Of the young people under 19 benefitting from free entrance, in 2019 557.925 (42 %) were Austrian. There is a significant disparity between federal states, with Vienna accounting for 66% of participants (70% in 2018) due to the concentration of federal museums in the capital city. All nine federal provinces run provincial museums (brought together under the Museumsbund Österreich), which at the least forsee reduced tariffs for children and youth, and enable young people to encounter culture throughout Austria regardless of their geographical origin.
The detrimental impacts of the COVID-19 crisis, in the course of which museums remained closed during certain lockdowns, remaind to be seen in the upcoming Federal Arts and Culture report for 2020.
Young visitor numbers by federal museum
change in %
In 1992, Austria ratified the Convention Concerning the Protection of the World Cultural and Natural Heritage. With the ratification of the UNESCO Convention for the Safeguarding of the Intangible Cultural Heritage in 2009, Austria committed to the creation of an inventory of its intangible cultural heritage as well as its continuous updating.

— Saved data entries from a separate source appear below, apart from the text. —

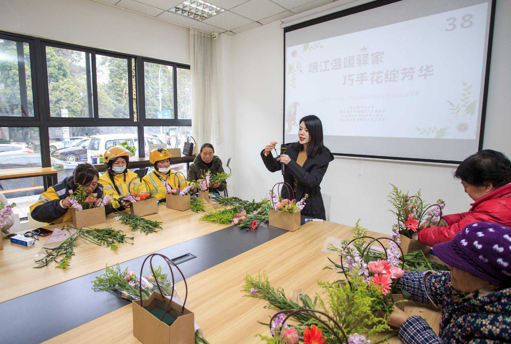 “温暖三月天,春华已开颜。”在国际劳动妇女节即将来临之际。3月7日,由都江堰市总工会、幸福街道工会联合会、岷江路社区联合主办的岷江温暖“驿”家·巧手花绽芳华——三八国际妇女节主题活动在都江堰市幸福街道岷江路社区暖心驿站举行。为坚守在工作岗位上辛苦劳作的户外女性职工送上“娘家人”的温暖与问候。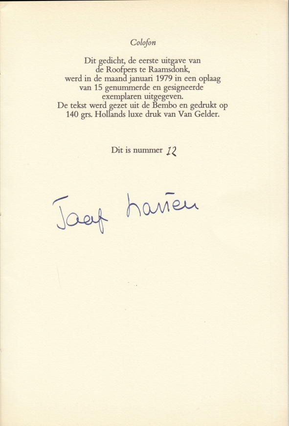 * Exemplaar met handgeschreven opdracht van de auteur op de opdrachtpagina: ‘Er zijn twee soorten van/ mensen; de ene soort/ bestaat niet./ Voor vriend Ronald [Breugelmans],/ met hartelijke groet,/ Jaap/ 9-2-79’. Eerste uitgave van de Roofpers te Raamsdonk.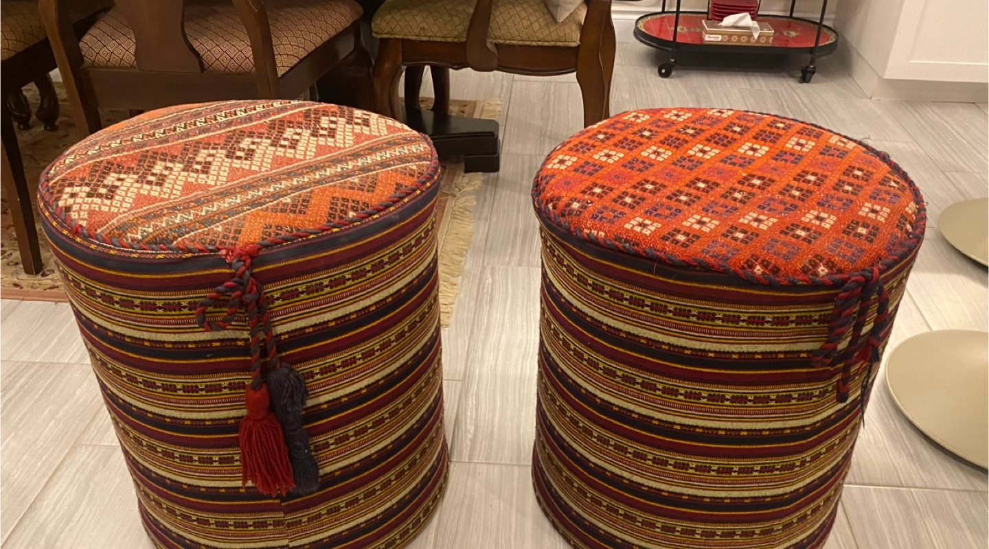 Two charming ottoman footstools with a unique patterned design! They're in great shape and would add a touch of global style to any room. Perfect for resting your feet or as extra seating, each $100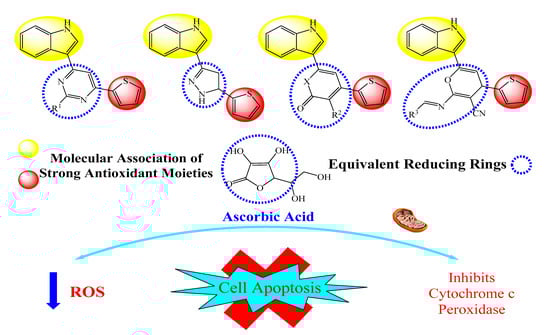 Based on the aforementioned information, we designed and synthesized a new series of promising antioxidants by choosing different reducing moieties (pyrimidines, pyrazoles, pyridines, and pyrans) which are corresponding to the reducing ascorbic acid ring and incorporating each in between two potential antioxidant moieties (indole and thiophene rings, respectively) using the molecular association approach in Figure 1.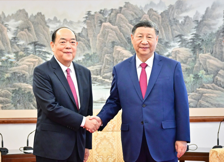 12月18日下午,国家主席习近平在澳门会见澳门特别行政区行政长官贺一诚。新华社记者 翟健岚摄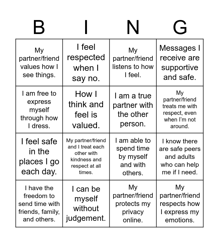 This bingo card has 22 words: I can be myself without judgement., When I disagree with someone, we still act with respect., I feel respected when I say no., I feel like my privacy is respected., How I think and feel is valued., I am a true partner with the other person., My partner/friend values how I see things., My partner/friend listens to how I feel., I am able to spend time by myself and with others., My partner/friend respects how I express my emotions., I feel safe in the places I go each day., Messages I receive are supportive and safe., I can speak honestly and openly., My partner/friend does not constantly check in on where I am or what I’m doing., My partner/friend protects my privacy online., My partner/friend takes accountability for their actions., I know there are safe peers and adults who can help me if I need., I have the freedom to send time with friends, family, and others., My partner/friend and I treat each other with kindness and respect at all times., I am free to express myself through how I dress., My partner/friend treats me with respect, even when I’m not around. and I trust how my partner acts online is the same as they are in person..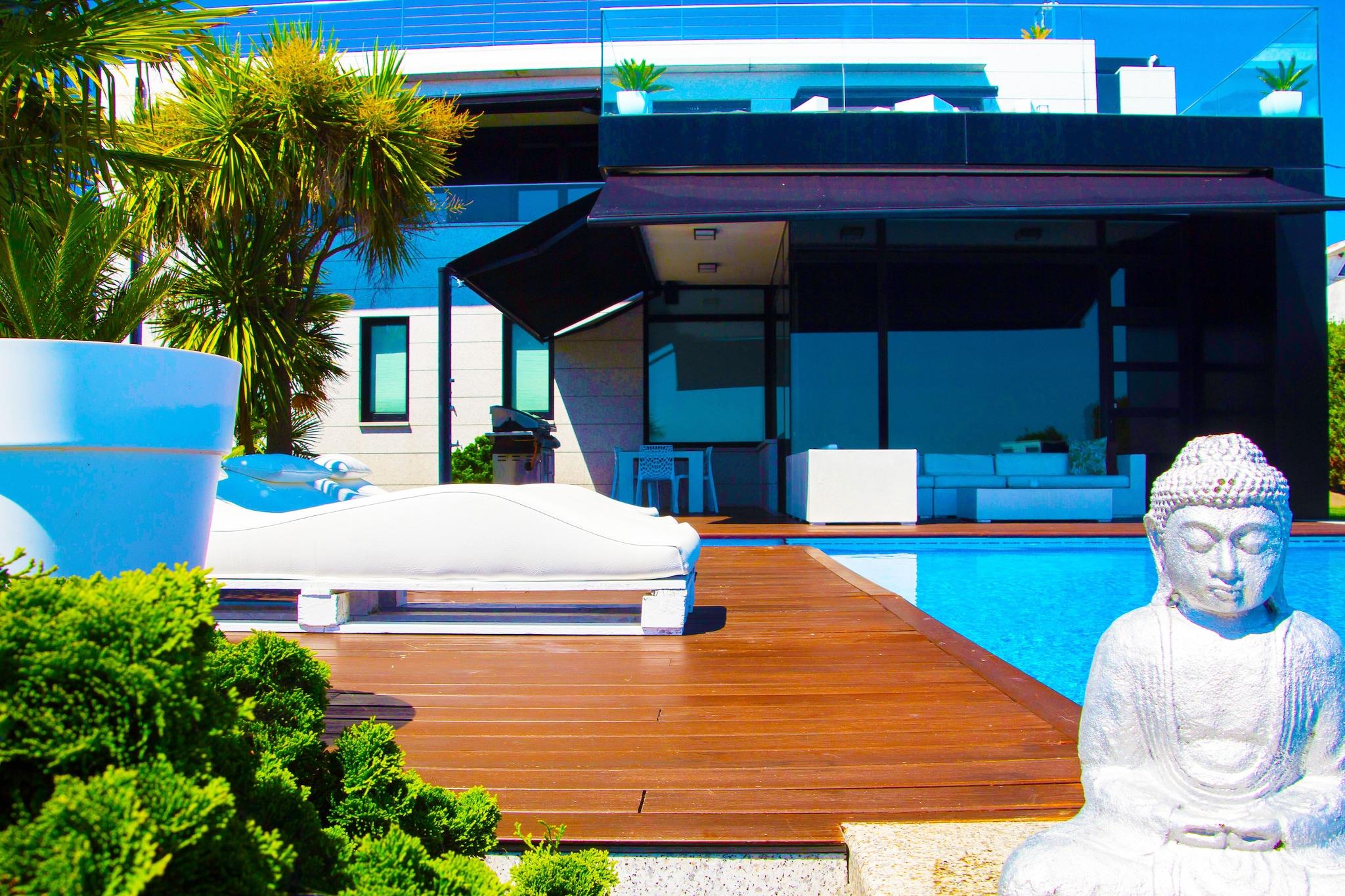 Dette smukke designerhus ligger i kystbyen Sanxenxo. Huset har 5 soveværelser med dobbeltsenge, alle med en fantastisk udsigt over havet og øerne, en opvarmet saltvandspool (poolen er opvarmet fra midten af juni til slutningen af september) og stilfulde havemøbler. Huset har moderne elektriske persienner og indvendige persienner, vinduer med motoriseret åbning, 3D-ledet tv i stuen, satellit og WIFI. Tv på badeværelset med et imponerende hydromassagebadekar med funktioner som farveterapi eller aromaterapi. De tre badeværelser har store brusere med hydromassage og musik i rørledninger. Gulvvarme og varme trægulve i hele huset. High-end møbler og apparater. Huset ligger i et roligt og grønt område, 10 minutters gang fra Montalvo og Bascuas strande. I Sanxenxo kan du nyde flere aktiviteter såsom karting, vandsport, ridning, bådudlejning, besøg på Ons Island, A Toxa Casino og de prestigefyldte A Toxa og Monte Castrove golfbaner.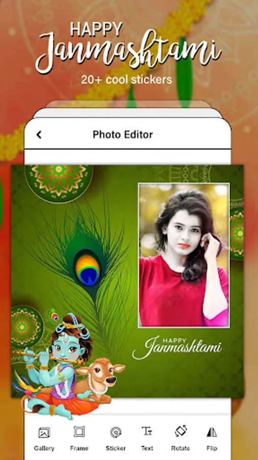 ✨ Stunning Janmashtami Frames: Choose from a wide range of beautifully designed Janmashtami-themed frames that will add a spiritual touch to your photos.
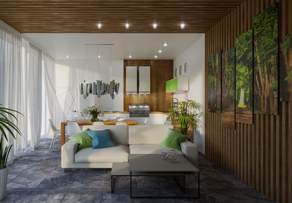 Экостиль в интерьере гостиной предполагает сочетание натуральных материалов и растительности
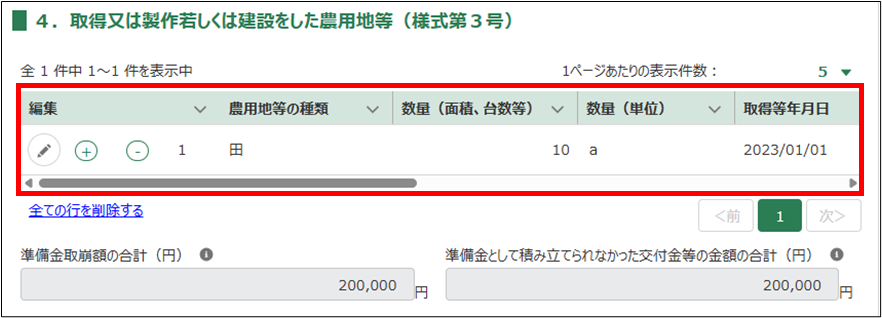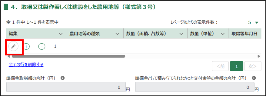 5.「4.取得又は製作若しくは建設をした農用地等(様式第3号)」を入力します。「」ボタンをクリックします。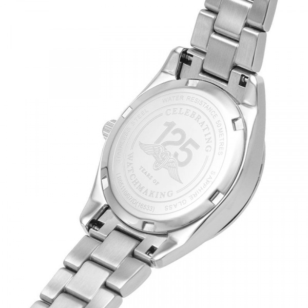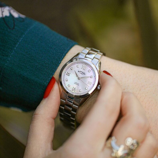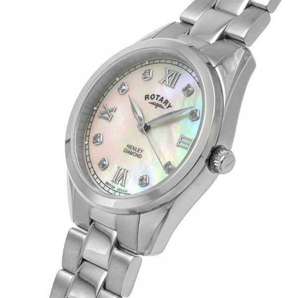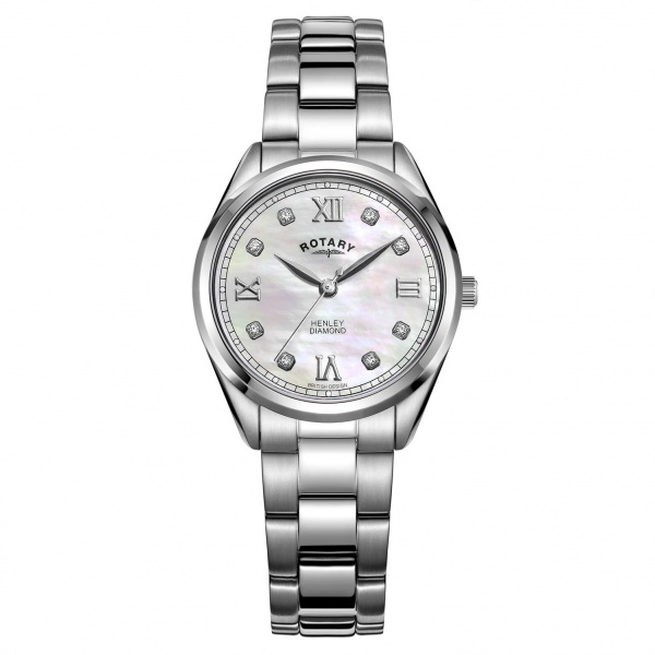 An elegant example of contemporary design paired with traditional craftsmanship, this ladies watch from our Henley collection is vibrant and versatile. Built with a sturdy 30mm Stainless Steel case, the watch is powered by a high quality quartz movement. 8 diamond hour markers and Roman numeral quarter hour markers add an element of undeniable glamour, whilst the 3-link Stainless Steel bracelet delivers a powerfully simple statement. A shimmering pink mother of pearl dial delivers an extra element of luxurious styling and perfectly complements the diamond hour markers. Water resistant to 50m and featuring flat scratch-resistant sapphire glass to keep you watch protected in times of activity, this Rotary adapts to the modern woman.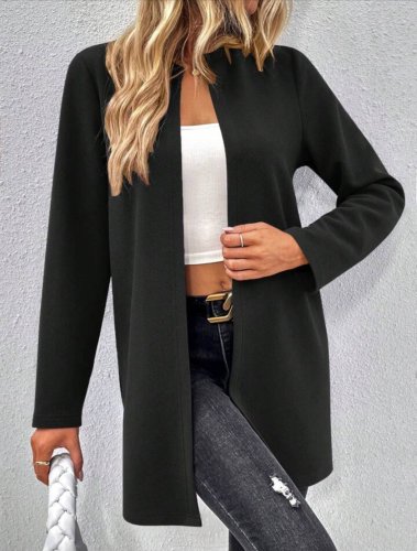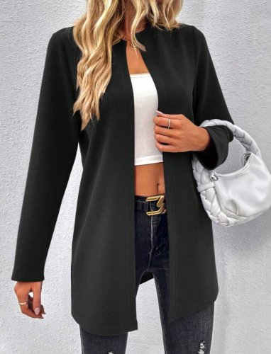 Kadın uzun kollu önü açık uzun modal ceket

For Austria, the Convention for the Safeguarding of the Intangible Cultural Heritage has brought about some relevant impulses, as the 2015 report on its implementation shows. Its policy aspects include the promoting of cultural diversity and inclusivity (e.g. increased recognition for linguistic minorities), sustainable tourism that increases the visibility of communities' intangible cultural heritage and the use and preservation of traditional knowledge regarding natural resources and hazards (e.g. in terms of sustainable resource management such as traditional seed cultivation). Committees and working groups have been established to initiate awareness-raising projects.
In the field of cultural education, all federal museums have an art education department and thus a large variety of services for schools and young people.